The science of architectural acoustics in Britain took tremendous strides forward in the inter-war years. Between 1923 and 1935, five separate acoustic laboratories were constructed at the government facility for building science, the Building Research Station (BRS), and a sixth was made available for collaborative work at the National Physical Laboratory (NPL).
This is the story of the first of the laboratories – for which a full set of construction drawings has been unearthed – and the (slightly stormy) political context within which that laboratory was established, thus bringing acoustics onto the official agenda for research in building science.

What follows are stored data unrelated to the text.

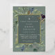 Chic botanical confirmation invitation features a border of lush sage green botanical leaves and watercolor eucalyptus foliage with gold foil trim. Personalise with your ceremony and party details in modern lettering on a tone on tone moss green background.
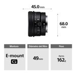 Montura tipo E con formato Full Frame, Lente G prime gran angular, Imagen de alta calidad y objetivo de excelente diseño con un funcionamiento intuitivo
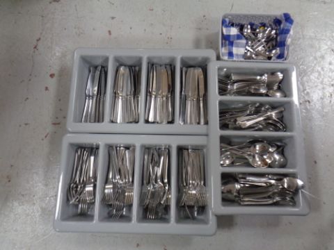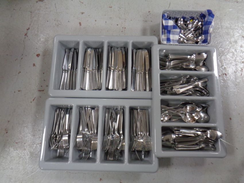 Three cutlery trays and a basket containing a large quantity of stainless steel catering cutlery
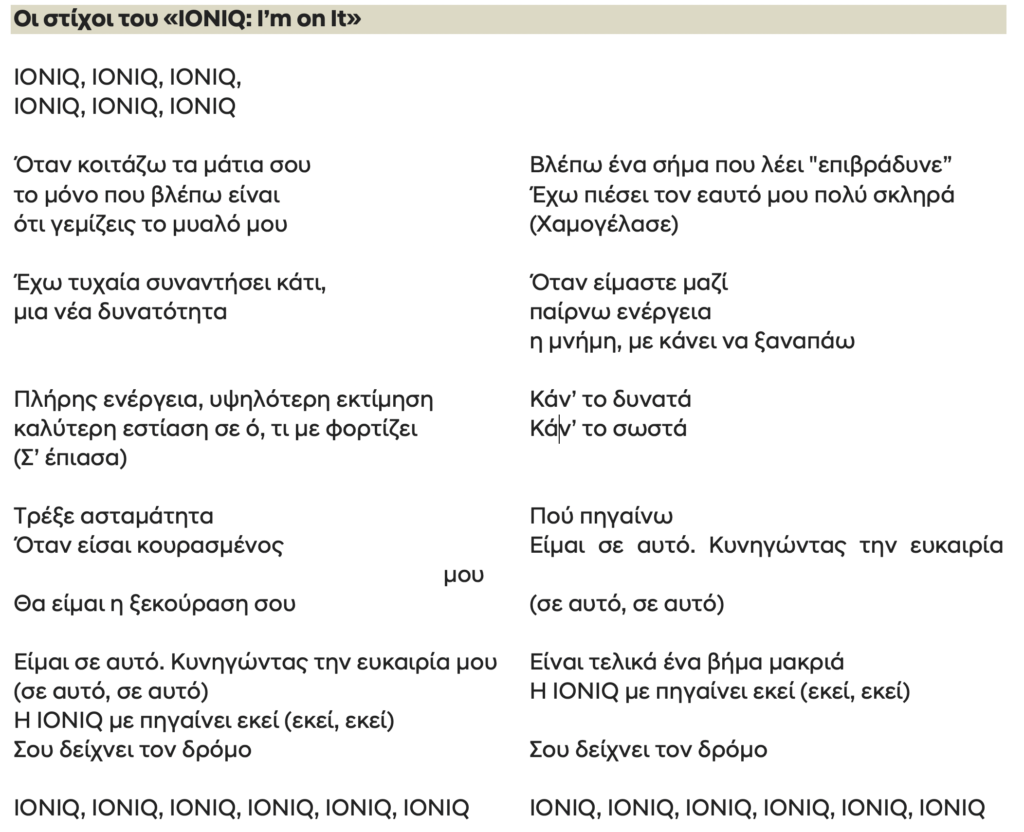 Το τραγούδι της μάρκας «IONIQ: I’m On It» δίνει φωνή στον στόχο της IONIQ να προσφέρει  στους πελάτες EV εμπειρίες με επίκεντρο τις συνδεδεμένες λύσεις του καθημερινού τρόπου ζωής. Οι στίχοι του τραγουδιού, που γράφθηκαν και εκτελέσθηκαν από τους BTS RM, Jin, SUGA, j-hope, Jimin, V και Jung Kook, εκφράζουν συναισθήματα ανακάλυψης, περιέργειας, ελπίδας, δημιουργικότητας και έμπνευσης για το μέλλον και επιβεβαιώνονται από το ρεφρέν “To IONIQ με πηγαίνει εκεί”. Στο videoclip περιλαμβάνεται το τελευταίο concept της Hyundai EV Prophecy που παρουσιάστηκε από την εταιρεία τον Μάρτιο.
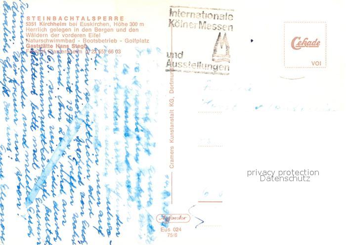 73207976 alte Postkarte Kirchheim Euskirchen Steinbachtalsperre postalisch gelaufen Erhaltung siehe scans [KathaD81] KatCode: 11110005366016

Guest Speaker: Fiona M. Smyth was awarded a Newman Medal in 2014 for a Ph.D. dissertation completed in Ireland and awarded by University College Dublin. Fiona trained as an architect at University College Dublin, before beginning her Ph.D. research under the joint supervision of Professor Hugh Campbell at University College Dublin (architecture) and Professor Henry Rice of Trinity College Dublin (Engineering). The dissertation for which Fiona received the Newman Medal was an examination of interdisciplinary developments in architectural acoustics in early twentieth-century Britain and Ireland.
Fiona is presently in the US where she is furthering her acoustic work through the lens of the history of science as part of a Marie Skłodowska-Curie Postdoctoral Fellowship at Harvard.